Basically, I have two questions:

a.) Is it considered good practice to match only the beginning part of error message and then follow up with a regex ? I am thinking something like this: thrown.getMessage === "[cannot resolve sha2(ID, 256) due to data type mismatch: argument 1 requires binary type, however, ID is of int type.;" + regexpattern \;(.*))

b.) If a.) is considered a hacky approach, do you have any working suggestion on how to do it properly ?
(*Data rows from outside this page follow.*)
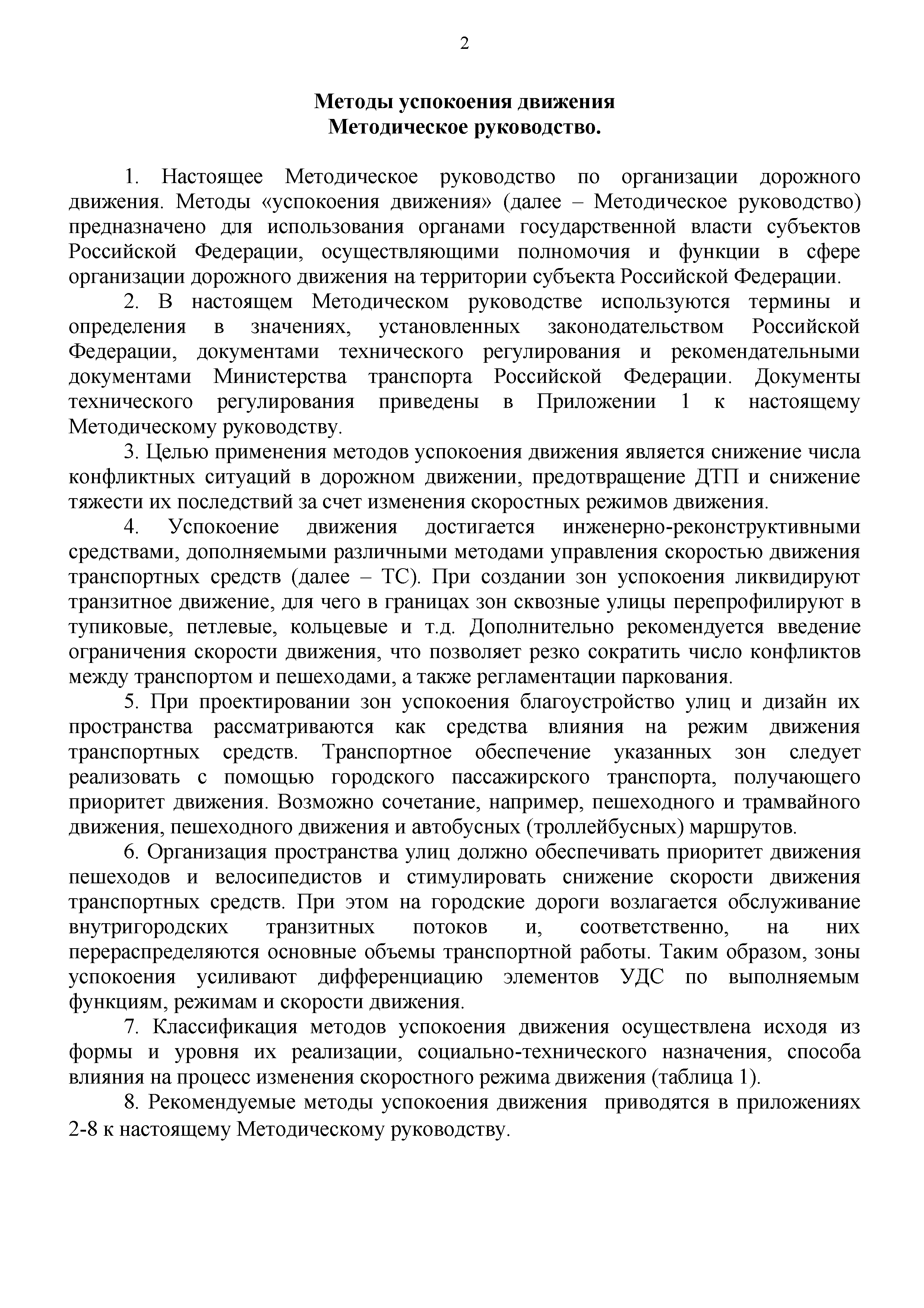 | Область применения: | Методическое руководство по организации дорожного движения. Методы «успокоения движения» (далее — Методическое руководство) предназначено для использования органами государственной власти субъектов Российской Федерации, осуществляющими полномочия и функции в сфере организации дорожного движения на территории субъекта Российской Федерации. Целью применения методов успокоения движения является снижение числа конфликтных ситуаций в дорожном движении, предотвращение дТП и снижение тяжести их последствий за счет изменения скоростных режимов движения |
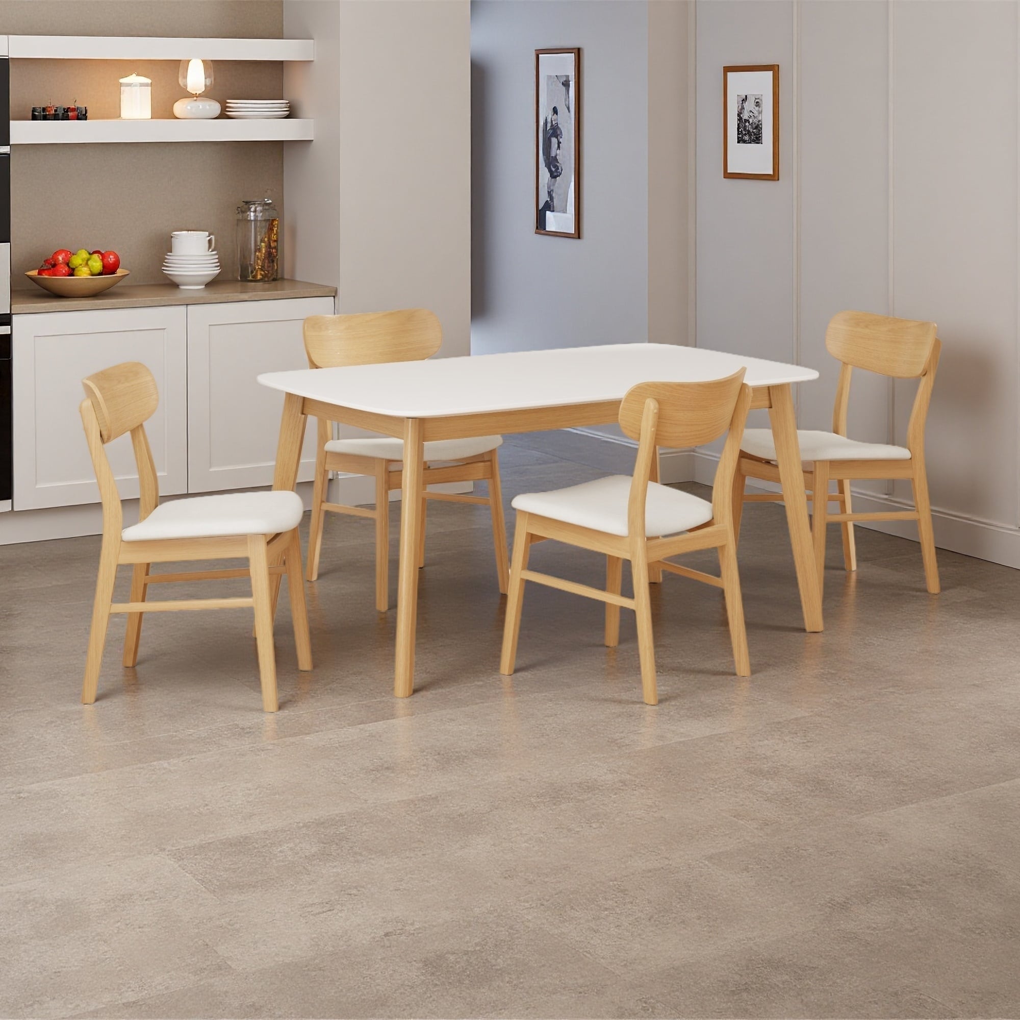 Rustic Kitchen Table Set 7Pc Rectangle Dining Table w/ Chairs Linen White Legs
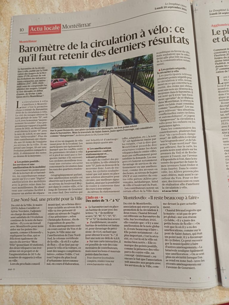 Ci-dessous un article paru dans le Dauphiné Libéré qui revient sur les résultats de l’enquête nationale de la circulation à vélo pour la ville de Montélimar.

Note: Small errors possible with code above, I adapted it for SO post. But you should get the idea.


Solution

  • You should not be asserting exception messages (unless they are surfced to the user, or something downndstream relies on them). If throwing an exception is a part of contract, then you should be throwing one of a specific type with a given error code, and tests should be asserting that. And if it isn't, then who cares what the message said?